In regards to European politics:

…There was that one tweet: On a single day, Putin managed to put an end to Swedish neutrality and German pacifism.


This crisis has destroyed a couple of stereotypes. The Germans have slaughtered two sacred cows. Nord Stream 2 as a symbol of German mercantilism, and pacifism as a symbol of German moralism. Even stereotypes about Eastern Europe have disappeared. Suddenly, the unempathetic East is bending over backwards to take in refugees. And all that is happening because there is an identifiable enemy. The Polish government hasn’t suddenly become more democratic in the last two weeks, but it did realize that the true threat to its sovereignty isn’t coming from Brussels, but from Moscow.

I recommend both pieces.

And a bonus link: political statement or expression of school spirit? Via the BBC: Russia denies cosmonauts board space station in Ukrainian colours

Steven L. Taylor
About Steven L. Taylor
Steven L. Taylor is a Professor of Political Science and a College of Arts and Sciences Dean. His main areas of expertise include parties, elections, and the institutional design of democracies. His most recent book is the co-authored A Different Democracy: American Government in a 31-Country Perspective. He earned his Ph.D. from the University of Texas and his BA from the University of California, Irvine. He has been blogging since 2003 (originally at the now defunct Poliblog).
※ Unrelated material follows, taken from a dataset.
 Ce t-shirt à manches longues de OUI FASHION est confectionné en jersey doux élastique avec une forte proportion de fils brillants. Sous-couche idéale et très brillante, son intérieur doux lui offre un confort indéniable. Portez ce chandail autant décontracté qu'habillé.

Follow Steven on Twitter


  1. Lounsbury says:

    For the cosmonauts, one has to suspect ‘plausible deniability’ as difficult to fully credit school spirit (which is for me mostly a very American thing) blinding them to the symbolism…

  2. Sleeping Dog says:

    Both of those are good articles and here’s a second to your recommendation.

    Yesterday a tumblr ran the picture of Lee Miller bathing in Hitler’s tub at his Munich apartment, my thought was, “hurry the day when we see a journalist bathing in Putin’s tub”.

  3. CSK says:

    @Sleeping Dog:
    Actually, Zelenskyy bathing in Hitler’s tub might be even better.

  4. CSK says:

    Excuse me. I meant Zelenskyy bathing in Putin’s tub. Blame it on an insufficiency of coffee.

  5. gVOR08 says:

    @Lounsbury: Over at Balloon Juice Adam Silverman notes that Russian cosmonauts wore yellow and blue flight suits once before, in 2014 right after Russia seized Crimea. This appears to have been a planned gloat and statement that Ukraine is Russian that went as well as their war plan.
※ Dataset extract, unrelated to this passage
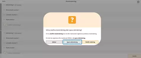Om du väljer att spara delmätning utan att slutföra är det möjligt att lägga till fler delmätningar i ett senare skede. Stockmätningen ligger då kvar i Mätplatsstödet (MPS) med godkänd delmätning.

    He also notes that people have been looking at satellite photography looking for an ammunition dump in western Ukraine that looks like the one in the video of the mighty Russian hypersonic missile strike. They’ve found a farm in eastern Ukraine. I heard some talking head say if it was the Dagger hypersonic missile, it’s still in a prototype stage and they may have an inventory of three.

  6. Mister Bluster says:

    @Sleeping Dog:..tumblr

    The tumblr link needs a Trigger Warning for T&A!

  7. Michael Reynolds says:

    That hypersonic missile was evidence of desperation. You don’t waste your fanciest toy blowing up a building, that’s a job for a dumb bomb or a regular cruise missile. Hypersonic missiles are about penetrating sophisticated air defenses, particularly at sea. The Ukrainians don’t have that kind of defense.

    I take it as a lame attempt to convince the world that Russia isn’t as weak as it seems to be. “Okay, we can’t actually manage a convoy because we have too few trucks and the ones we have are broken down, but look! We have a go fast missile!”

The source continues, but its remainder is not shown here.